### EXERCISE GOAL
Pictures aside, repeat the listing below exactly.

### INFORMATION SHOWN
____
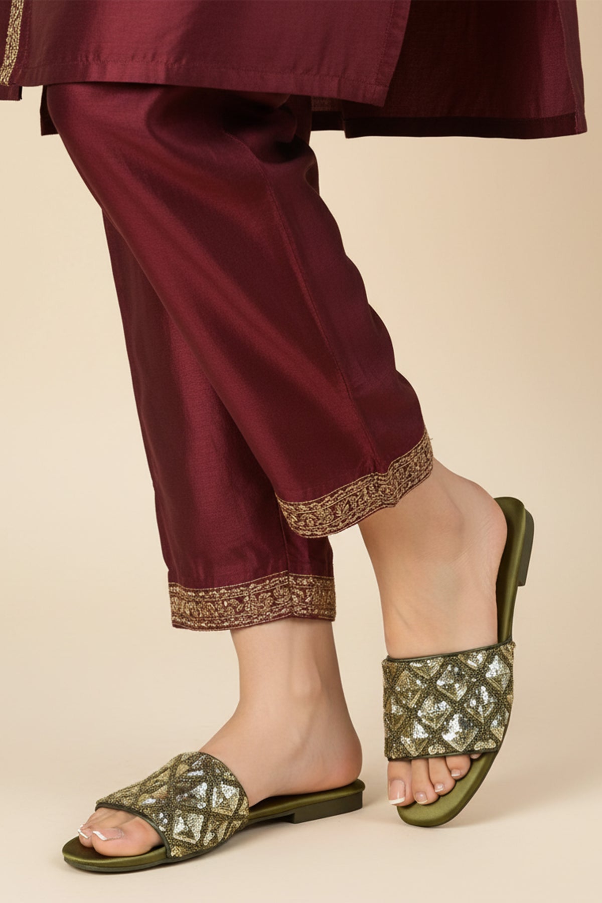 Olive flats with a sequin-patterned upper and satin insole, designed for everyday sophistication.
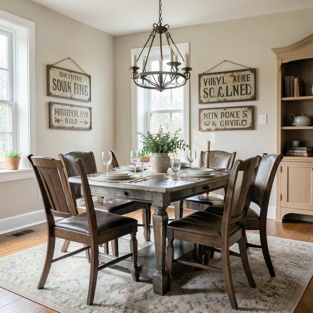 Hang them on your dining room walls for a playful touch. Look for signs with interesting graphics or sayings.
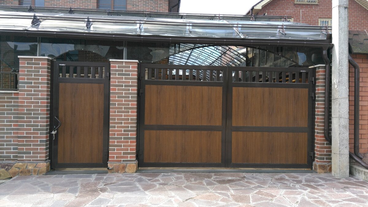 РАСПАШНЫЕ ВОРОТА В АЛЮМИНИЕВОЙ РАМЕ С ЗАПОЛНЕНИЕМ СЭНДВИЧ-ПАНЕЛЯМИ
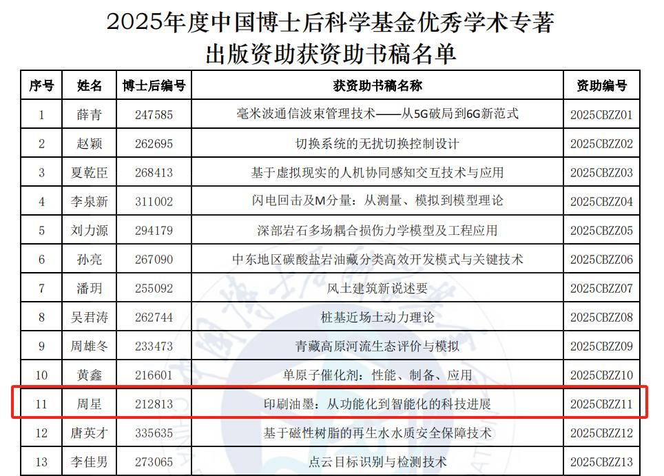 近日,中国博士后科学基金会发布《2025年度中国博士后科学基金优秀学术专著出版资助拟资助书稿名单的通知》,全国仅24部优秀学术专著获得资助。其中,BEAT365印刷包装与数字媒体学院周星教授领衔编撰的专著《印刷油墨:从功能化到智能化的科技进展》入选,这是BEAT365首次获得该项国家级资助,标志着学校在博士后学术成果转化与高水平专著出版领域实现“零的突破”。
____
### TASK RESPONSE
 Olive flats with a sequin-patterned upper and satin insole, designed for everyday sophistication.
 Hang them on your dining room walls for a playful touch. Look for signs with interesting graphics or sayings.
 РАСПАШНЫЕ ВОРОТА В АЛЮМИНИЕВОЙ РАМЕ С ЗАПОЛНЕНИЕМ СЭНДВИЧ-ПАНЕЛЯМИ
 近日,中国博士后科学基金会发布《2025年度中国博士后科学基金优秀学术专著出版资助拟资助书稿名单的通知》,全国仅24部优秀学术专著获得资助。其中,BEAT365印刷包装与数字媒体学院周星教授领衔编撰的专著《印刷油墨:从功能化到智能化的科技进展》入选,这是BEAT365首次获得该项国家级资助,标志着学校在博士后学术成果转化与高水平专著出版领域实现“零的突破”。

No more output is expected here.